TO DO:
For the entries below, the expected answer is the line with "Elevate your footwear", the line with "The platinum case", and every line between them, exactly as written, and nothing more.

THE RECORDS:
- - -

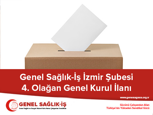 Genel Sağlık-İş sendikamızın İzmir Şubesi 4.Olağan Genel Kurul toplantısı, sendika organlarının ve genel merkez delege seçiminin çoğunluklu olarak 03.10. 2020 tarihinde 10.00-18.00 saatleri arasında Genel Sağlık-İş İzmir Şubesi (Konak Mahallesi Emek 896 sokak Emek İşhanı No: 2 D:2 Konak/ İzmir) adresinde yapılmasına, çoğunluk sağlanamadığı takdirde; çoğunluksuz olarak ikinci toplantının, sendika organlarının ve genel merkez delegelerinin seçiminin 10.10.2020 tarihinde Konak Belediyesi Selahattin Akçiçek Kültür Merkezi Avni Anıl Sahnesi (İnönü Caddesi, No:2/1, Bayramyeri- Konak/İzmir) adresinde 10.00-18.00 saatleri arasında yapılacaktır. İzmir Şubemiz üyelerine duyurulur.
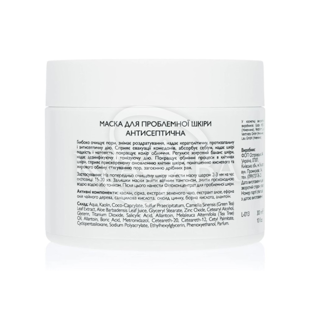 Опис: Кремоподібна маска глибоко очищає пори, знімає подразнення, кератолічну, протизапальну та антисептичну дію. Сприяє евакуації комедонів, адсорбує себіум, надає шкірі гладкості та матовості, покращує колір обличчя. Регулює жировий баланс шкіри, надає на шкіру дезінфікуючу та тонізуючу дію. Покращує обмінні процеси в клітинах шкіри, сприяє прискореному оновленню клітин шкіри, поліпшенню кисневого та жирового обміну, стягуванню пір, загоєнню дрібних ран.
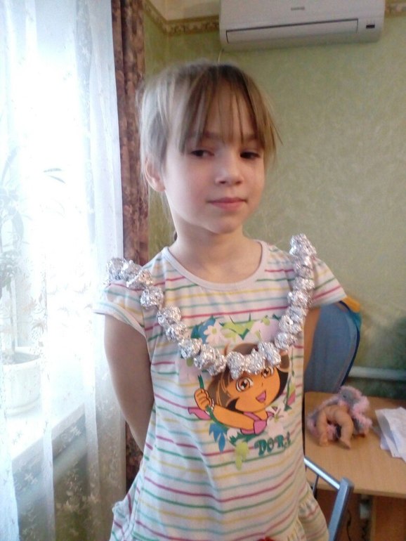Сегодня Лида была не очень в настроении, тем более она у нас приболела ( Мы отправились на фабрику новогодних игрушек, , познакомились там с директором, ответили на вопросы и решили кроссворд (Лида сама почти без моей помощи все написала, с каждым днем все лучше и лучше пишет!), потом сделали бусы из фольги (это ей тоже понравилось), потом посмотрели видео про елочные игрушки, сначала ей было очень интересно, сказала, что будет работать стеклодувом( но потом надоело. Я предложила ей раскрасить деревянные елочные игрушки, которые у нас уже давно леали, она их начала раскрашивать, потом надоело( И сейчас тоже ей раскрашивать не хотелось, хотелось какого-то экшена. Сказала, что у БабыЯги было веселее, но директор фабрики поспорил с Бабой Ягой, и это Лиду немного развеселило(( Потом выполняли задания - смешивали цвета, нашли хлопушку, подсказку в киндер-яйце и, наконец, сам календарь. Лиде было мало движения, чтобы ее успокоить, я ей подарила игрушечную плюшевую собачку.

- - -

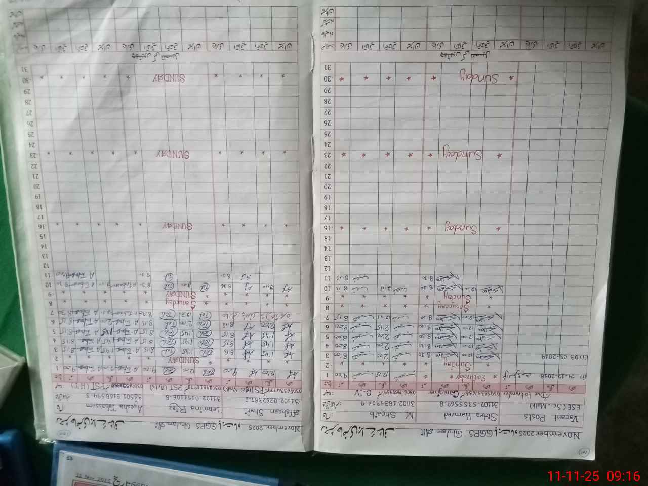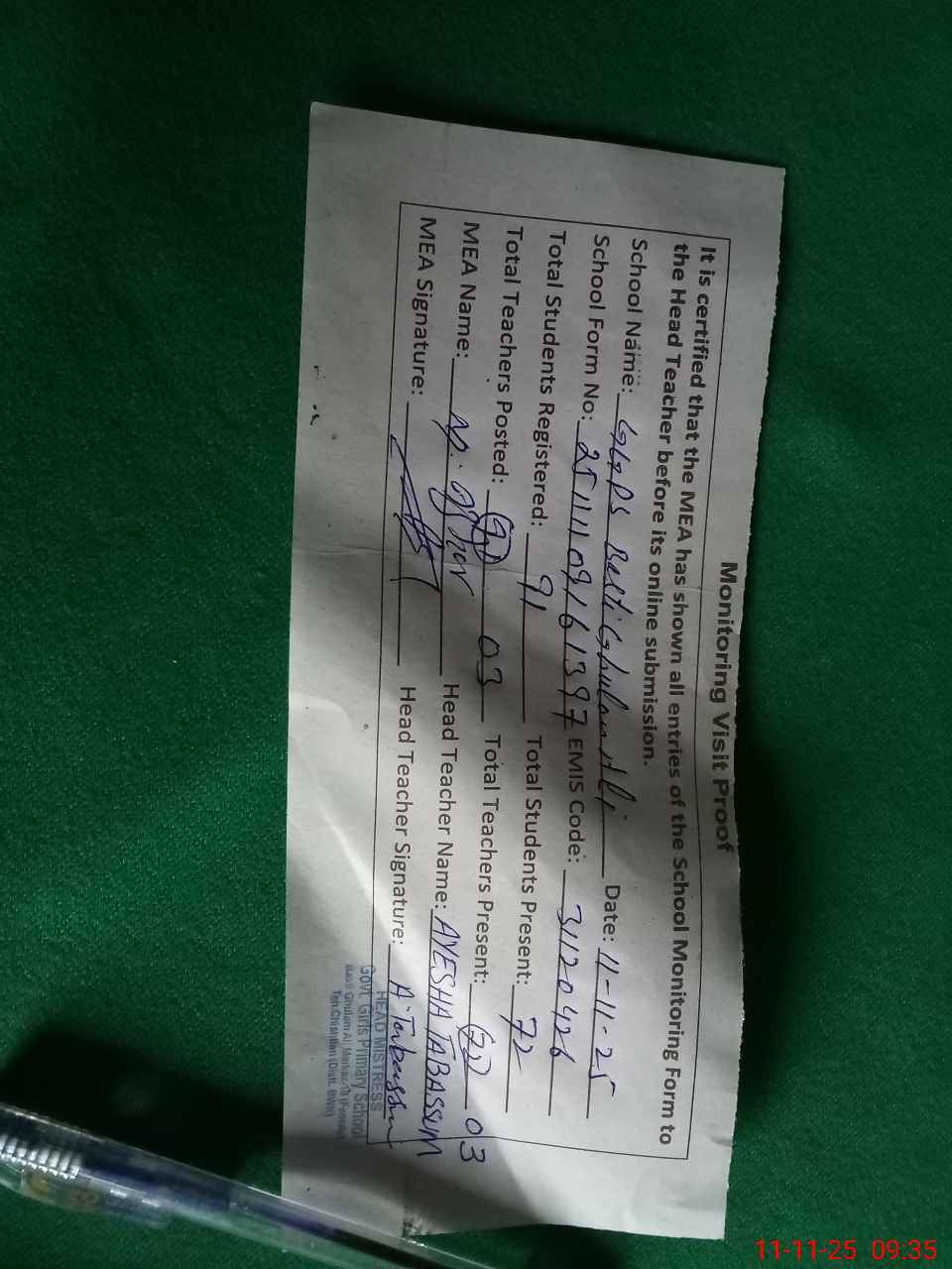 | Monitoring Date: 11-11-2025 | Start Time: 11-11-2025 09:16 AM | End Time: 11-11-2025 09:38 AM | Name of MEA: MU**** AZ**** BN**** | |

- - -

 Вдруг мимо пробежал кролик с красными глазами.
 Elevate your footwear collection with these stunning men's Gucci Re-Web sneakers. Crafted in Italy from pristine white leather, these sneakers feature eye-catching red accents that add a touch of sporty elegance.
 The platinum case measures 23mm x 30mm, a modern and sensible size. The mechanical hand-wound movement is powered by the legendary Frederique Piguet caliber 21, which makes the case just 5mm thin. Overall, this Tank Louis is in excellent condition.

- - -

WRITTEN ANSWER:
 Elevate your footwear collection with these stunning men's Gucci Re-Web sneakers. Crafted in Italy from pristine white leather, these sneakers feature eye-catching red accents that add a touch of sporty elegance.
 The platinum case measures 23mm x 30mm, a modern and sensible size. The mechanical hand-wound movement is powered by the legendary Frederique Piguet caliber 21, which makes the case just 5mm thin. Overall, this Tank Louis is in excellent condition.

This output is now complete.